Thank you for your help!


----------



## lochlomonder (Jul 24, 2015)

> I´ve tried to run as an administator in Windows XP,Vista etc.


Does this mean you've tried running it in Compatibility Mode for each of these operating systems under Win 10, or did you run it natively within them? Given its age and the specs, it might just be too old to run properly under Win 10, no matter how much you try to tweak it.

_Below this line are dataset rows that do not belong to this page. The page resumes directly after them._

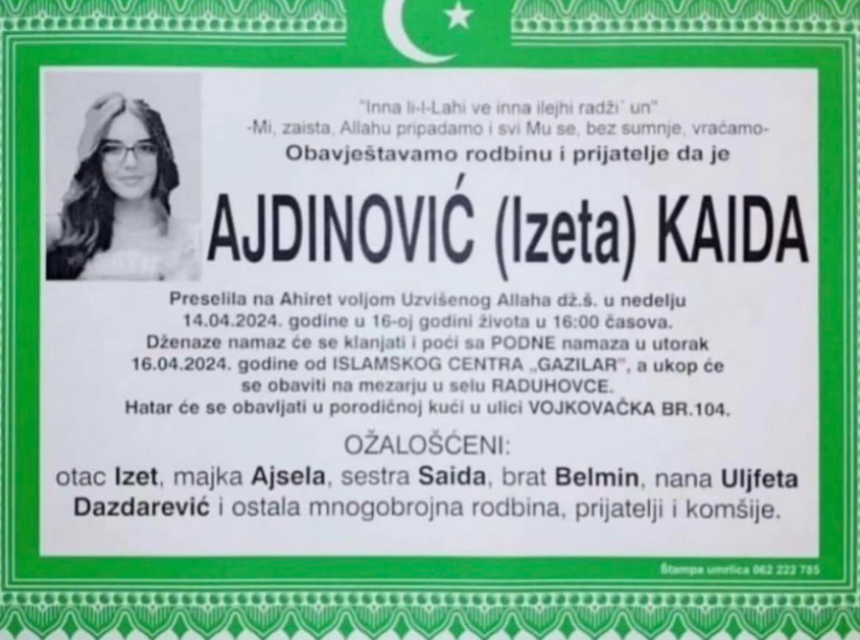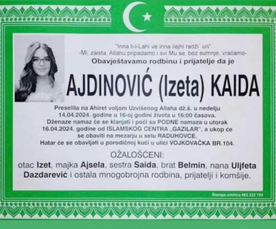 Obavještavamo rodbinu, prijatelje i poznanike da je 14.04. 2024 godine u 16. godini na Ahiret preselila Ajdinović (Izeta) Kaida.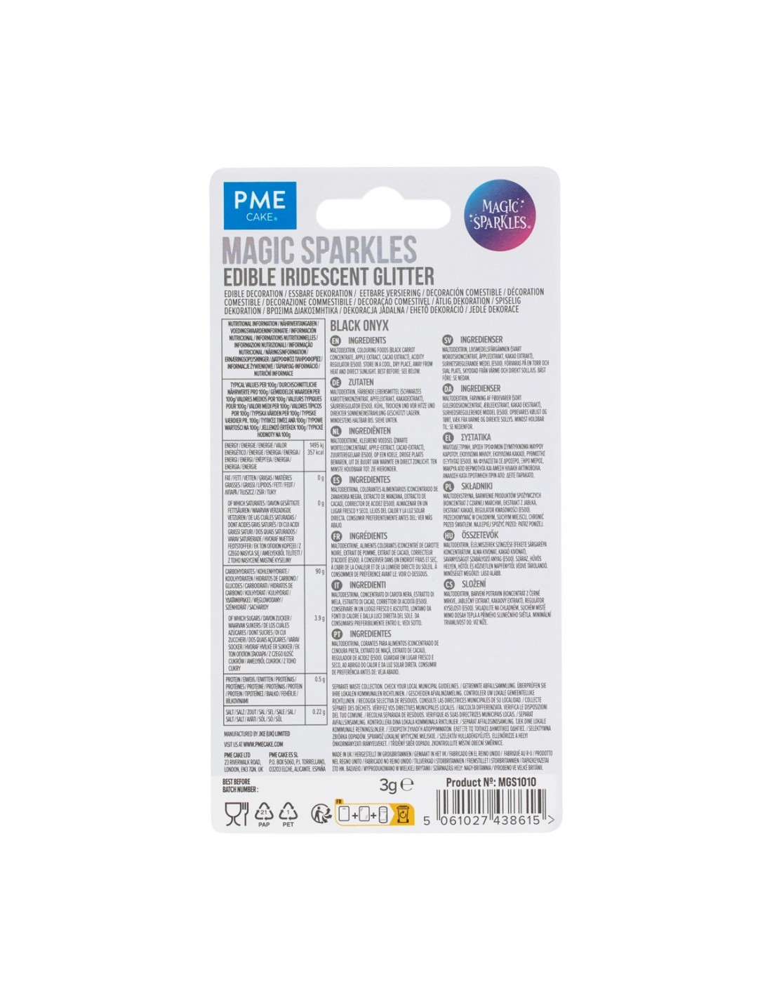 Contiene: 3g de sprinkles con purpurina iridiscente Negro Onix.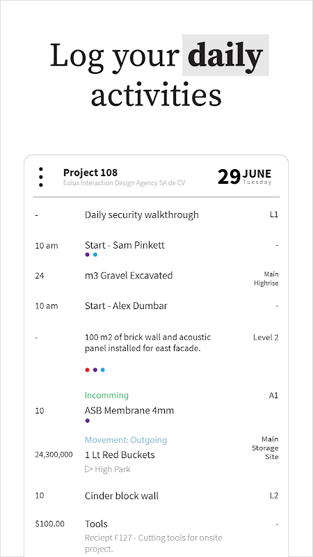 آپ کی ذاتی سرگرمی لاگ • نوکری لاگ • ورک لاگ • زراعت • تعمیرات • انوینٹریز • تعلیم • مینوفیکچرنگ • خدمات • آرٹسٹ • سیلز • خوردہ فروش • تھوک فروش • ڈیزائن • مقامی کاروبار • سہولیات • ٹاسک کنٹرول • ذاتی ڈائری • کمپنیاں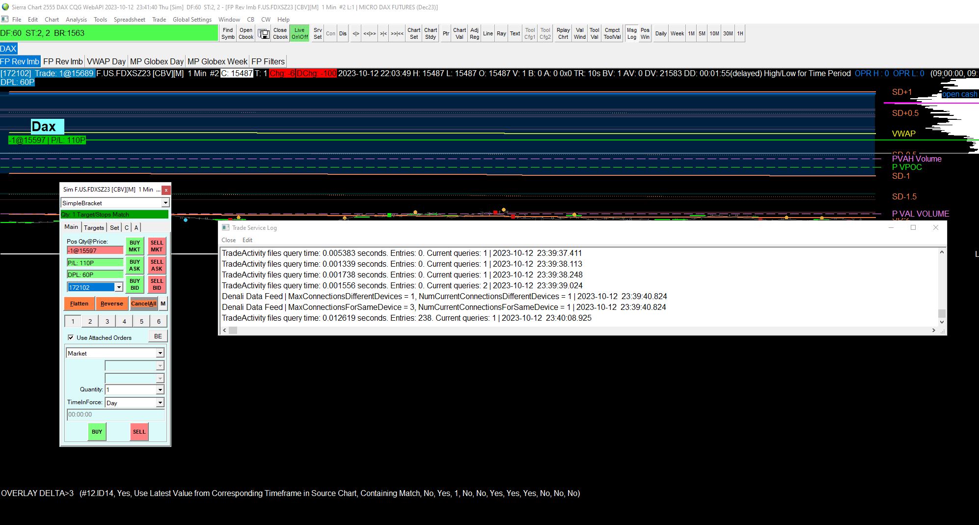 Delete the fills that are not correct, if any. Select them individually and use the Delete Trade Activity Entry command: Trade Activity Log: Trade Activity Data Editing Menu Commands (Trade >> Trade Activity Log) so, here, i tested to open a new trade (buy at 15264) in live. It "closed" the short from yesterday (at the price of the opening) it count in DPL = +333 i closed the buy at 15266, so my balance get the profit, but now, i have this "trade" that is not in live (but in sim), and will be always count in DPL until i do a next trade... Help With Daily Profit/Loss Value: Simplified Steps to Solve Incorrect Daily Profit/Loss Sierra Chart Support - Engineering Level Your definitive source for support. Other responses are from users. Try to keep your questions brief and to the point. Be aware of support policy: https://www.sierrachart.com/index.php?l=PostingInformation.php#GeneralInformation For the most reliable, advanced, and zero cost futures order routing, use the Teton service: Sierra Chart Teton Futures Order Routing |

One way you could try it if you haven't run it natively is to virtualize a copy of XP on your Win 10 machine, presupposing you have a valid license for the former.


----------



## LeimertPark (Jul 2, 2017)

Yes,i´ve tried to run it in Compatibility Mode for each of these operating systems under Win 10.I´m really sur the game can run on a Win 10 Computer.On my old Windows 10 64bit Computer that i sold
Nascar 2004 was running without problems!The Videocard was the same.


----------



## LeimertPark (Jul 2, 2017)

So i´ve tried to run Nascar Thunder 2004 on a Virtual Win XP Computer.If i click the Nascar icon,i can see for just a second,then i get the same Message i get in Win 10.But in this case a minimum of 256MB of free memory requie´red!


----------



## lochlomonder (Jul 24, 2015)

Did you install Virtual Win XP as part of the Win 7 installation? If so, I'm pretty sure that won't work properly. You'd be better virtualizing the OS using either VirtualBox or VMWare Player. However, bear in mind you need an XP installation DVD and a valid license for that.


----------



## LeimertPark (Jul 2, 2017)

No,i have installed Win xp in Virtualbox!


----------



## lochlomonder (Jul 24, 2015)

Okay, good! Let's have a look at the settings, then. You can increase the available video memory used by VirtualBox if you follow these instructions.


----------



## LeimertPark (Jul 2, 2017)

The memory Problem is fixed.But i get a new message.No DirectX8.1 Videoadapters found.I´ve installed DirectX 8.1!


----------



## lochlomonder (Jul 24, 2015)

Run *dxdiag* on the virtual machine and see if this can shed any light on the situation.


----------



## LeimertPark (Jul 2, 2017)

Icannot upload the dxdiag file.Which information are important for the Problem?


----------



## lochlomonder (Jul 24, 2015)

Did you follow the actual instructions on the page I linked? It's moreso to test it out, and then we can look at seeing how to get it running properly in the vm.


----------



## LeimertPark (Jul 2, 2017)

Yes,i did it!tThe System shows DirectX 9.0.I installed 8.1!No peroblems in DirectX Files!The Display:The Driver vBoxDisp.dll is not digitaly signed.3D functionality not available!


----------